§ **Task goal**: Would you please repeat, word for word, only the lines from the one holding "For home shoe" through the one holding "退出现役证照片示例(报考退役大学生士兵专项计划的考生提供)" in the material below, without the pictures?
Given data: Begin
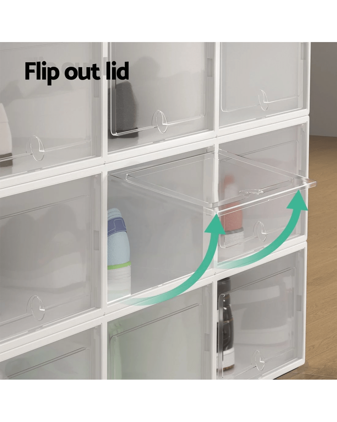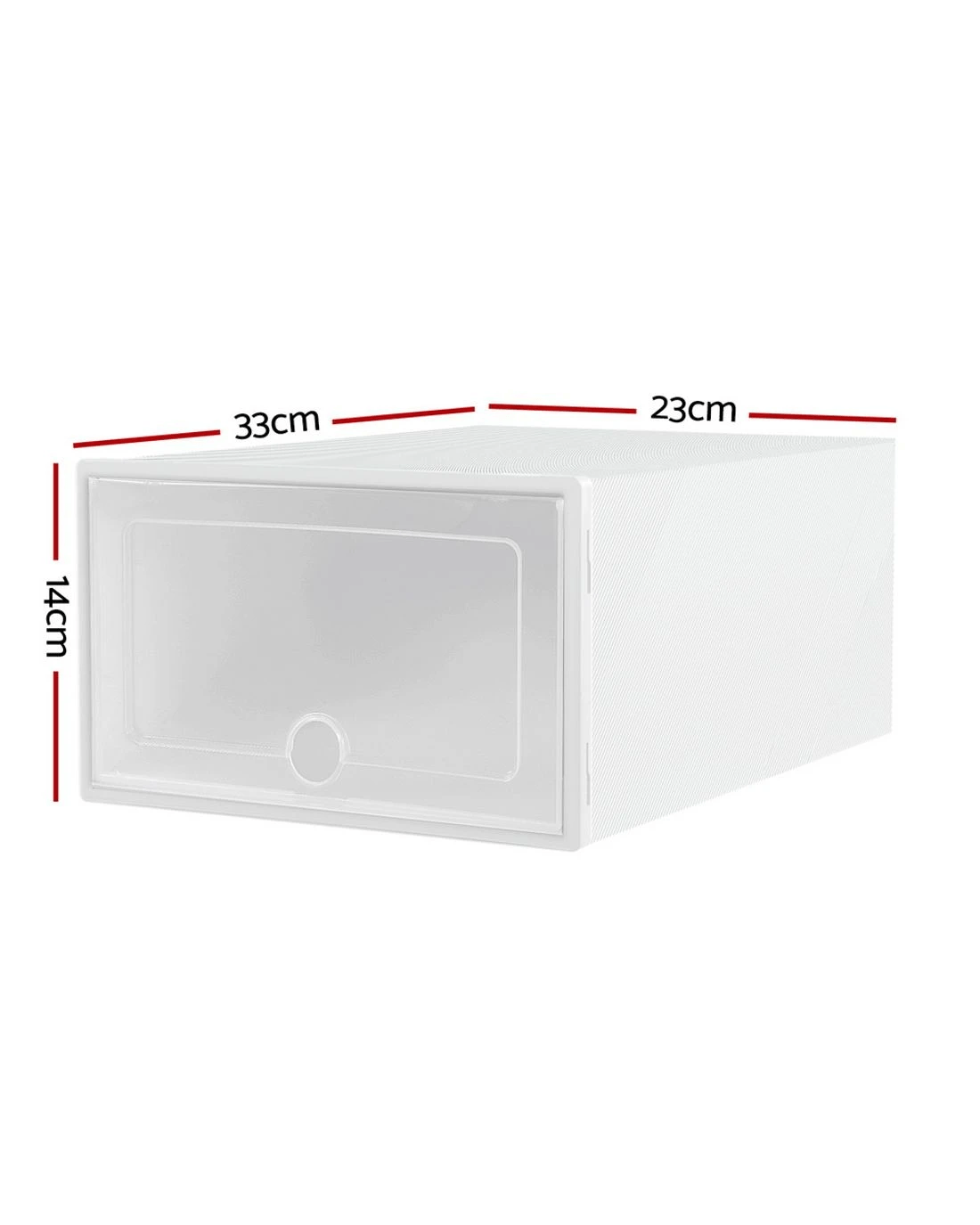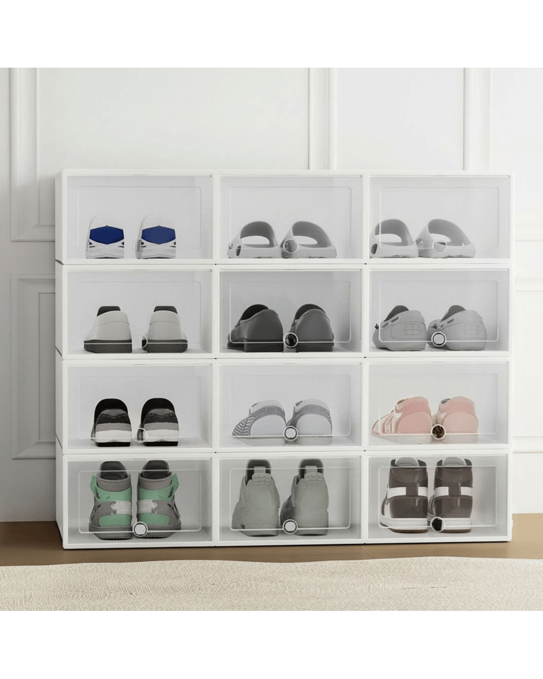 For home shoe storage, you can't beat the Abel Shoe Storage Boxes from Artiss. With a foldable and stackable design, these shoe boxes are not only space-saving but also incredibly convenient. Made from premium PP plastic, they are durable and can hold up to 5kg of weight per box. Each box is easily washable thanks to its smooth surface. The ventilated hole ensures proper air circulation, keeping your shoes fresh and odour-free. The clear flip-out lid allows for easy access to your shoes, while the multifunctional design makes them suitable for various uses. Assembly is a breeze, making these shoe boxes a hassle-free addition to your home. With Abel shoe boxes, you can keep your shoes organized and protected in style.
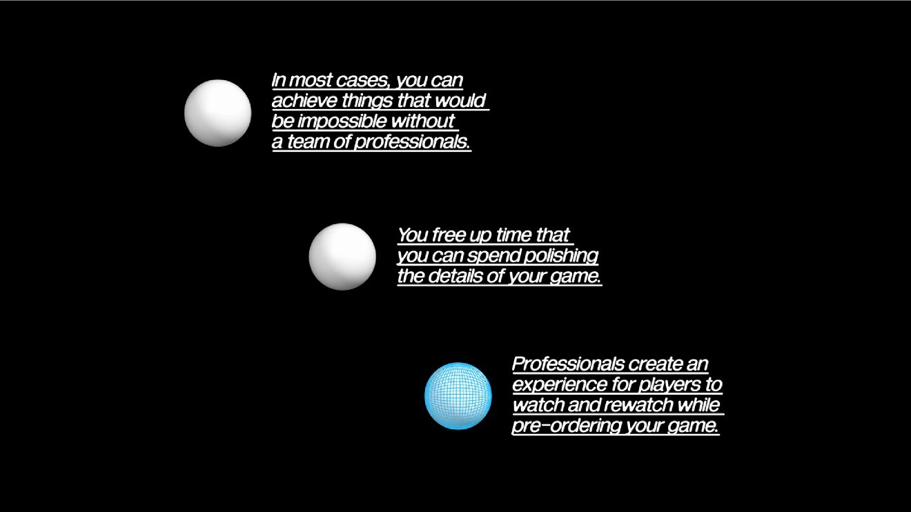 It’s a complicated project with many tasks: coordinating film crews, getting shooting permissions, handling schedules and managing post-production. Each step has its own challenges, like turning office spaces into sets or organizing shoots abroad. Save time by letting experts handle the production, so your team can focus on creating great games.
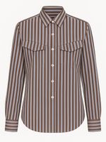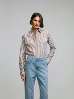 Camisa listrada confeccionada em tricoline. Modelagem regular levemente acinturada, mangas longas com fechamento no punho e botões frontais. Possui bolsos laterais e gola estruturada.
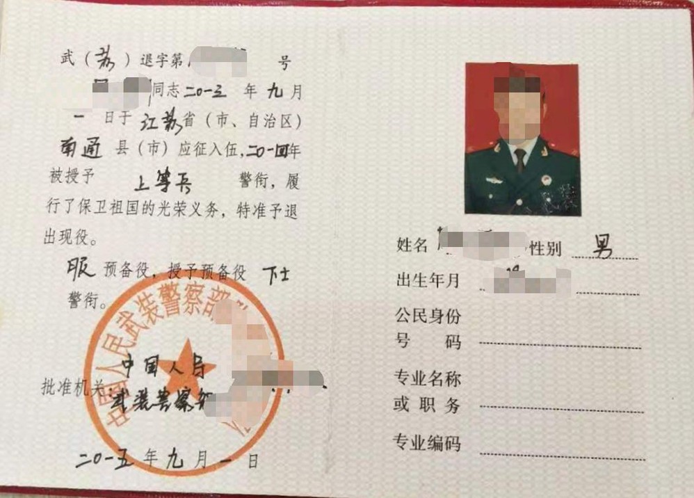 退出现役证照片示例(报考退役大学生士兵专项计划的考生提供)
Given data: End
Given data: Begin
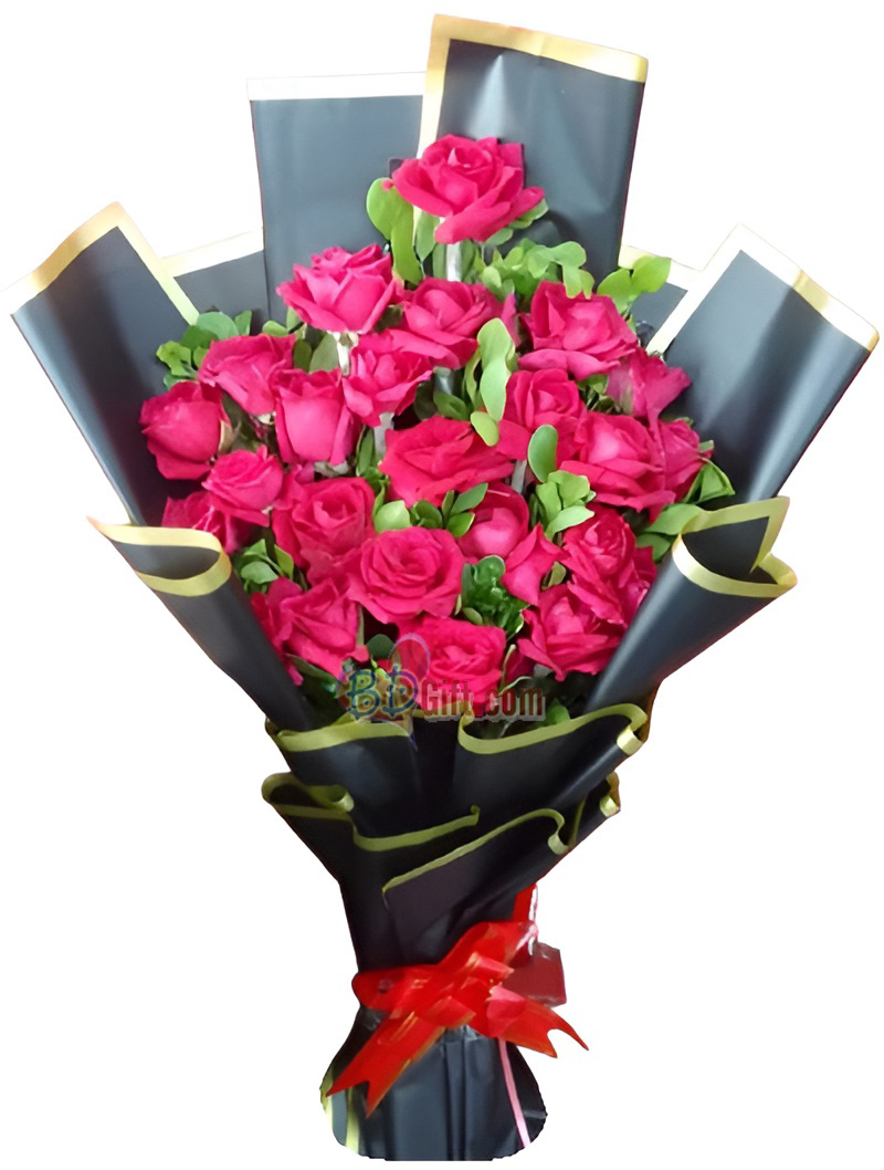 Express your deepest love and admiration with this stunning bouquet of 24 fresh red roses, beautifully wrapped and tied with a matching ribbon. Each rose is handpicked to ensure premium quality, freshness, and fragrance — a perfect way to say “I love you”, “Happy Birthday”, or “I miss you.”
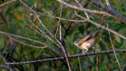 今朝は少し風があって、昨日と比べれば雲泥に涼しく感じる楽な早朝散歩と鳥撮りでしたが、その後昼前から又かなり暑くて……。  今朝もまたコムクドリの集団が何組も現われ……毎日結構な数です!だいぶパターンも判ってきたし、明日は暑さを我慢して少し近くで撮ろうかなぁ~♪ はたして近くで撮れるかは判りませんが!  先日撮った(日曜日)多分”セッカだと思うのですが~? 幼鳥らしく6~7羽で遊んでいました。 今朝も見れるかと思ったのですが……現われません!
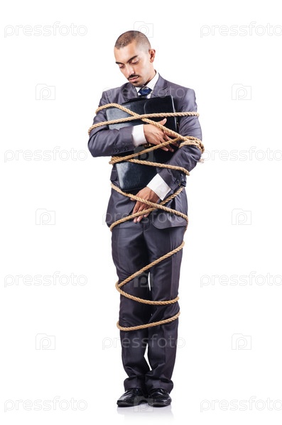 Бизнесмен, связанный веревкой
Given data: End
§ **Solution**:
 For home shoe storage, you can't beat the Abel Shoe Storage Boxes from Artiss. With a foldable and stackable design, these shoe boxes are not only space-saving but also incredibly convenient. Made from premium PP plastic, they are durable and can hold up to 5kg of weight per box. Each box is easily washable thanks to its smooth surface. The ventilated hole ensures proper air circulation, keeping your shoes fresh and odour-free. The clear flip-out lid allows for easy access to your shoes, while the multifunctional design makes them suitable for various uses. Assembly is a breeze, making these shoe boxes a hassle-free addition to your home. With Abel shoe boxes, you can keep your shoes organized and protected in style.
 It’s a complicated project with many tasks: coordinating film crews, getting shooting permissions, handling schedules and managing post-production. Each step has its own challenges, like turning office spaces into sets or organizing shoots abroad. Save time by letting experts handle the production, so your team can focus on creating great games.
 Camisa listrada confeccionada em tricoline. Modelagem regular levemente acinturada, mangas longas com fechamento no punho e botões frontais. Possui bolsos laterais e gola estruturada.
 退出现役证照片示例(报考退役大学生士兵专项计划的考生提供)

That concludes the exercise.